• TASK INSTRUCTIONS
Pictures excluded, output the lines of the data below between the one holding "用户需要填写他们承诺每小时使用 EC2 的金额(为了简化,AWS" and the one holding "Transform your living", inclusive, exactly as they stand.

• DATA PROVIDED
((

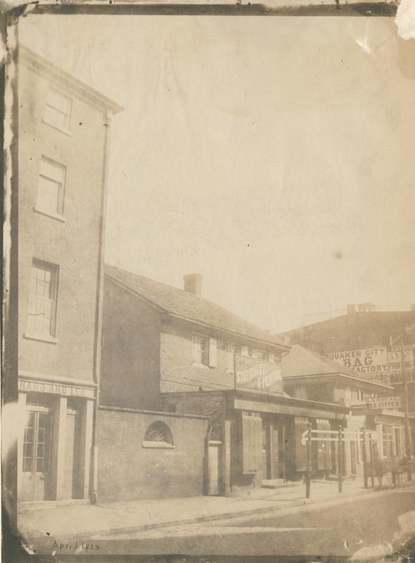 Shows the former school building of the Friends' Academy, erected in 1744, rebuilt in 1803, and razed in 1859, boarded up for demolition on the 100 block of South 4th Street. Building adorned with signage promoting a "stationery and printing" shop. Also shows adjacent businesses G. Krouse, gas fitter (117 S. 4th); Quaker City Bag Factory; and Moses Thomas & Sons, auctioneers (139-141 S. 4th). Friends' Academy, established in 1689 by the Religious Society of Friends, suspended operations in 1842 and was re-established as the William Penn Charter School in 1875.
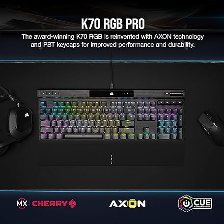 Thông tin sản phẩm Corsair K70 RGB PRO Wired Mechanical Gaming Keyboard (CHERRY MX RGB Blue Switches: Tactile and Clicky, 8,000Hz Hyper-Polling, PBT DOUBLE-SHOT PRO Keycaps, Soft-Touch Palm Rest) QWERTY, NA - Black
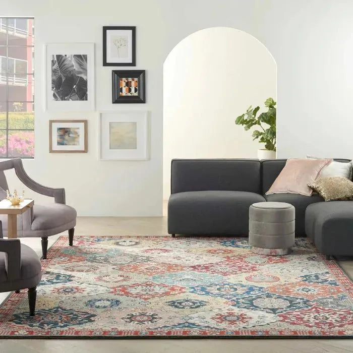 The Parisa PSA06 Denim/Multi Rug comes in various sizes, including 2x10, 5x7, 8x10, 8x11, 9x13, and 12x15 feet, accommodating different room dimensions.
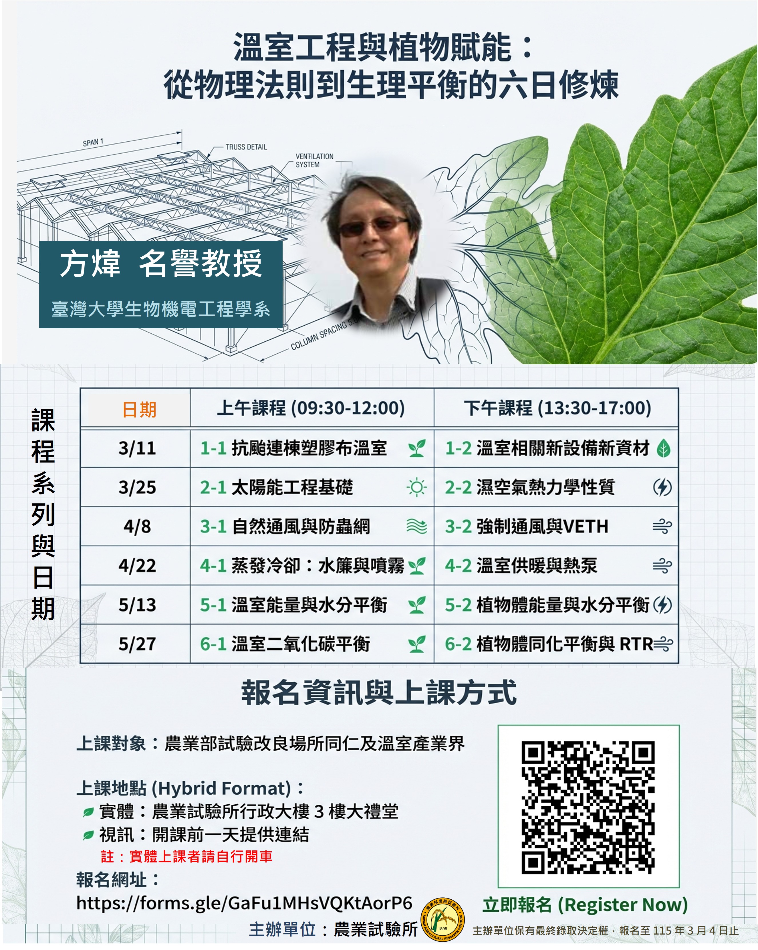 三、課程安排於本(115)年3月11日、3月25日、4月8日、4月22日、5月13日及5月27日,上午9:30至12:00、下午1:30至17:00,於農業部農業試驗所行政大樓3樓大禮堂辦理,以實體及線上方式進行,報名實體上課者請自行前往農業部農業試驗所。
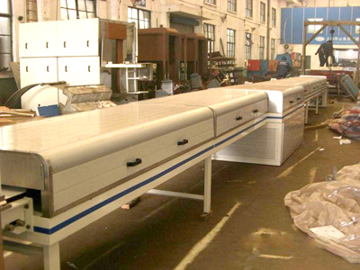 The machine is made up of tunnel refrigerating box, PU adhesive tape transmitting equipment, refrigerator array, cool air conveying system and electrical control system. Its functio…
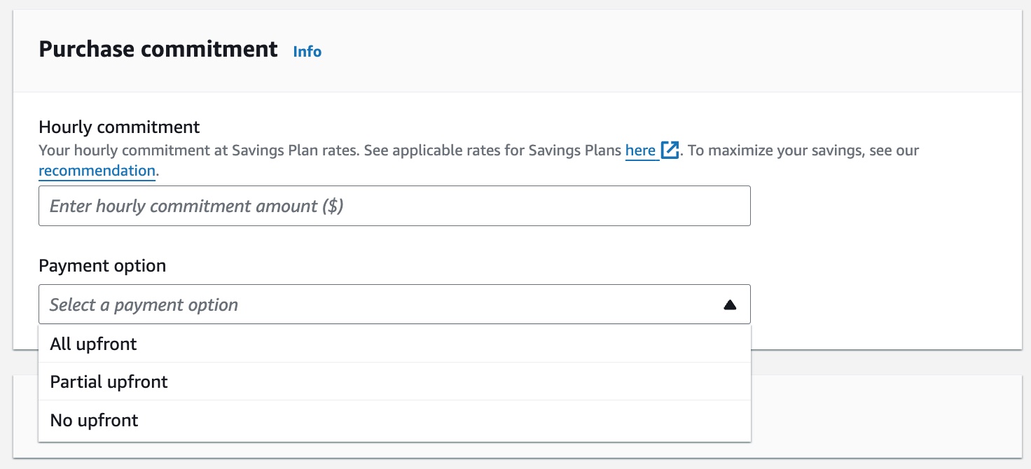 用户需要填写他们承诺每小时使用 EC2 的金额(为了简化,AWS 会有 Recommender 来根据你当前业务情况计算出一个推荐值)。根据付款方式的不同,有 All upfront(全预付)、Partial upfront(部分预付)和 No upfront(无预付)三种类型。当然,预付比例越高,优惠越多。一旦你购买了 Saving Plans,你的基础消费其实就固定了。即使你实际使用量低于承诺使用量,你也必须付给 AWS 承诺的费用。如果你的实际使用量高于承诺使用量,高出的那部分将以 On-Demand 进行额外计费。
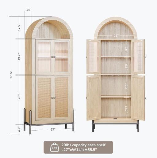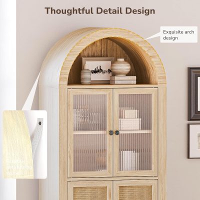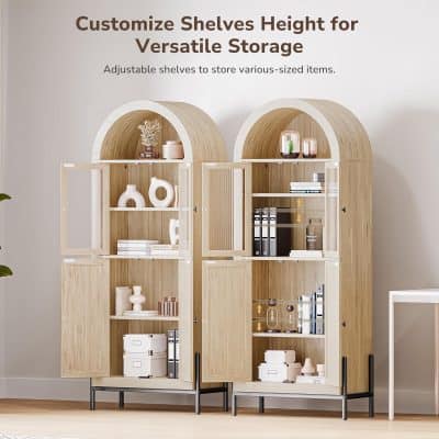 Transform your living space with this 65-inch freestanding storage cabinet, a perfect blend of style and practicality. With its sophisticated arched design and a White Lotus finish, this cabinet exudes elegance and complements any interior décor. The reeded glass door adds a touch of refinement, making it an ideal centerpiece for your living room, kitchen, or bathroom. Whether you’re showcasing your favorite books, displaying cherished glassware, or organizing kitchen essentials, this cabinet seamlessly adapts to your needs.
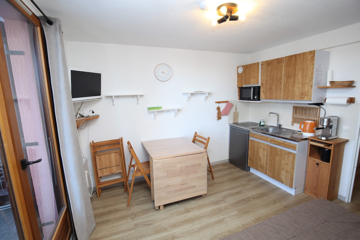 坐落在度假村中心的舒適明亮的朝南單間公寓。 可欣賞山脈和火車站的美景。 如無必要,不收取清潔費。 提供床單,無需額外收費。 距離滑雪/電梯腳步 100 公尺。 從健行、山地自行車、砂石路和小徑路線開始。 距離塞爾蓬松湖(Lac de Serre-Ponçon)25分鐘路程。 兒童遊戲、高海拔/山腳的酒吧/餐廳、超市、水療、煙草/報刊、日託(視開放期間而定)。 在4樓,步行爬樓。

))
((

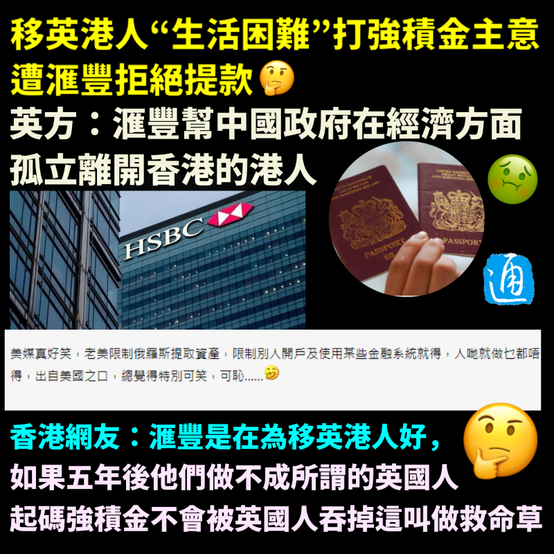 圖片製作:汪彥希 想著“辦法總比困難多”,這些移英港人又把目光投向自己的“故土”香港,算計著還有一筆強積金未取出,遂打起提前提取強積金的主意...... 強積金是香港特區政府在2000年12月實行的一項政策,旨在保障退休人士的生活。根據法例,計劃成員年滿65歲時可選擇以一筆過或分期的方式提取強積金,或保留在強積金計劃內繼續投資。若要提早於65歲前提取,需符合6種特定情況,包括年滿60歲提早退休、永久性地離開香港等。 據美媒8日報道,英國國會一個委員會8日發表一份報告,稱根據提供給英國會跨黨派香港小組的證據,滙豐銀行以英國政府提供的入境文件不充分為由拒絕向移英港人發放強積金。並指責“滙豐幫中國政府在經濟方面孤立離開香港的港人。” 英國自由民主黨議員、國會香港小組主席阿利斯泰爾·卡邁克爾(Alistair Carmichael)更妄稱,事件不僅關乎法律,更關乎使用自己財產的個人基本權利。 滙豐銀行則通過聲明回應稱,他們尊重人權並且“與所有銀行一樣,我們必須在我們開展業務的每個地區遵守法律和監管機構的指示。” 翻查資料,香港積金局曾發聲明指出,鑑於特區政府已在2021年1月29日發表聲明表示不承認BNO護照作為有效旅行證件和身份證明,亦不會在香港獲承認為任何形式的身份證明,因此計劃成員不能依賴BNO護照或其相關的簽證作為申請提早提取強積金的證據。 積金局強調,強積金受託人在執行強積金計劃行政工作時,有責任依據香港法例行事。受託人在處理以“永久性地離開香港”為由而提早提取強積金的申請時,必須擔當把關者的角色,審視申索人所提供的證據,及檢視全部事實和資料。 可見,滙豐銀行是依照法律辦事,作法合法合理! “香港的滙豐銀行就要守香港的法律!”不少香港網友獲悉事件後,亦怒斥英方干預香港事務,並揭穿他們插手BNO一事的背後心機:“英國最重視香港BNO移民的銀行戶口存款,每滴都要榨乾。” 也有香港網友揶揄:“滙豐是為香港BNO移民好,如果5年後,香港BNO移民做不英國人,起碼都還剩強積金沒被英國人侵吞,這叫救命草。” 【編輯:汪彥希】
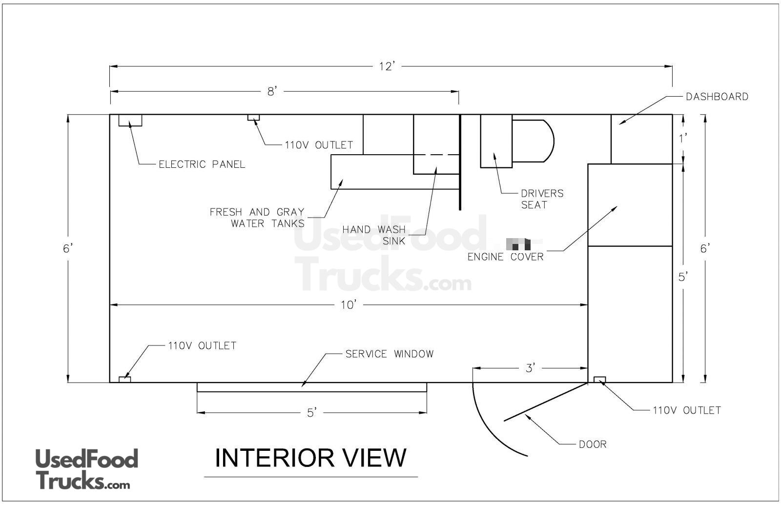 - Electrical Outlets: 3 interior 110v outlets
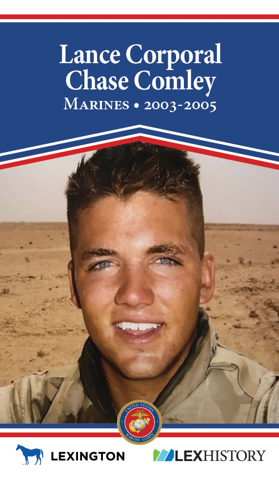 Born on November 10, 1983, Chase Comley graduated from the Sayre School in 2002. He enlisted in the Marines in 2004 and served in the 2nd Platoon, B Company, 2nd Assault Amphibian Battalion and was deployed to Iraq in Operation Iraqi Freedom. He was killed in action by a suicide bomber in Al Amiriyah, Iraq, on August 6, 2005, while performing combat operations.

))

• RESULT OF THE EXERCISE
 用户需要填写他们承诺每小时使用 EC2 的金额(为了简化,AWS 会有 Recommender 来根据你当前业务情况计算出一个推荐值)。根据付款方式的不同,有 All upfront(全预付)、Partial upfront(部分预付)和 No upfront(无预付)三种类型。当然,预付比例越高,优惠越多。一旦你购买了 Saving Plans,你的基础消费其实就固定了。即使你实际使用量低于承诺使用量,你也必须付给 AWS 承诺的费用。如果你的实际使用量高于承诺使用量,高出的那部分将以 On-Demand 进行额外计费。
 Transform your living space with this 65-inch freestanding storage cabinet, a perfect blend of style and practicality. With its sophisticated arched design and a White Lotus finish, this cabinet exudes elegance and complements any interior décor. The reeded glass door adds a touch of refinement, making it an ideal centerpiece for your living room, kitchen, or bathroom. Whether you’re showcasing your favorite books, displaying cherished glassware, or organizing kitchen essentials, this cabinet seamlessly adapts to your needs.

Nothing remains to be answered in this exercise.